# DIRECTIONS
From the records below, output exactly the lines running from the line containing "Мировые издания трактуют" through the line containing "- Quiet book", and no others.

# RECORDS FOR THE TASK
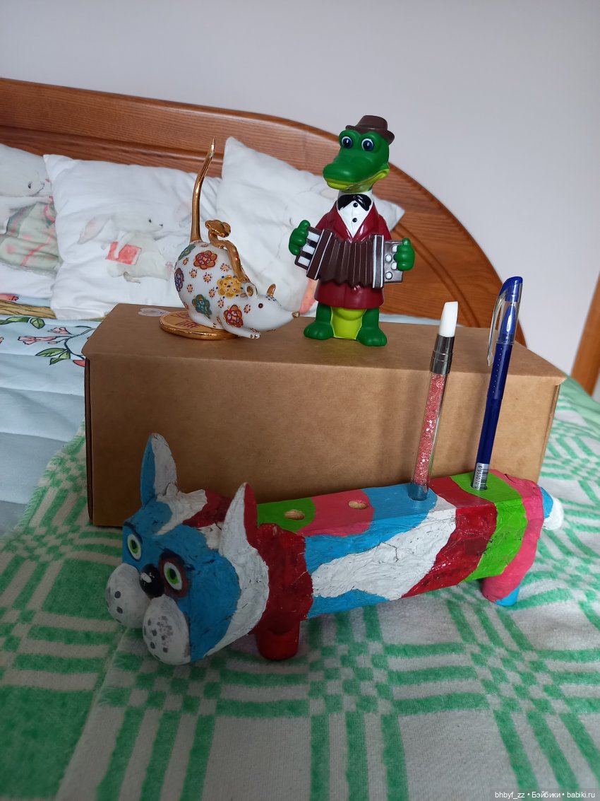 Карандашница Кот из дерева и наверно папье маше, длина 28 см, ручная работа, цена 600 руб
...
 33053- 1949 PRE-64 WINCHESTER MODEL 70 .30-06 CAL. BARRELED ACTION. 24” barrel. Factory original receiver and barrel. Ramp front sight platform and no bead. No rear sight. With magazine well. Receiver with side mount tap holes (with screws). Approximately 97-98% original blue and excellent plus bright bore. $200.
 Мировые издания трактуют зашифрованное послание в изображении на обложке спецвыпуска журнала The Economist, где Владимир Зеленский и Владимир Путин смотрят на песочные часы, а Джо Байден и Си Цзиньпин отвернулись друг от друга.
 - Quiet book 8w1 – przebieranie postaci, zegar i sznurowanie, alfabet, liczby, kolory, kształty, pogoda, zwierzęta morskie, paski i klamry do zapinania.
...
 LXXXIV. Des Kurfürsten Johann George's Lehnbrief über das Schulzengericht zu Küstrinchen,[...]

# SOLUTION TO THIS PROBLEM
 Мировые издания трактуют зашифрованное послание в изображении на обложке спецвыпуска журнала The Economist, где Владимир Зеленский и Владимир Путин смотрят на песочные часы, а Джо Байден и Си Цзиньпин отвернулись друг от друга.
 - Quiet book 8w1 – przebieranie postaci, zegar i sznurowanie, alfabet, liczby, kolory, kształty, pogoda, zwierzęta morskie, paski i klamry do zapinania.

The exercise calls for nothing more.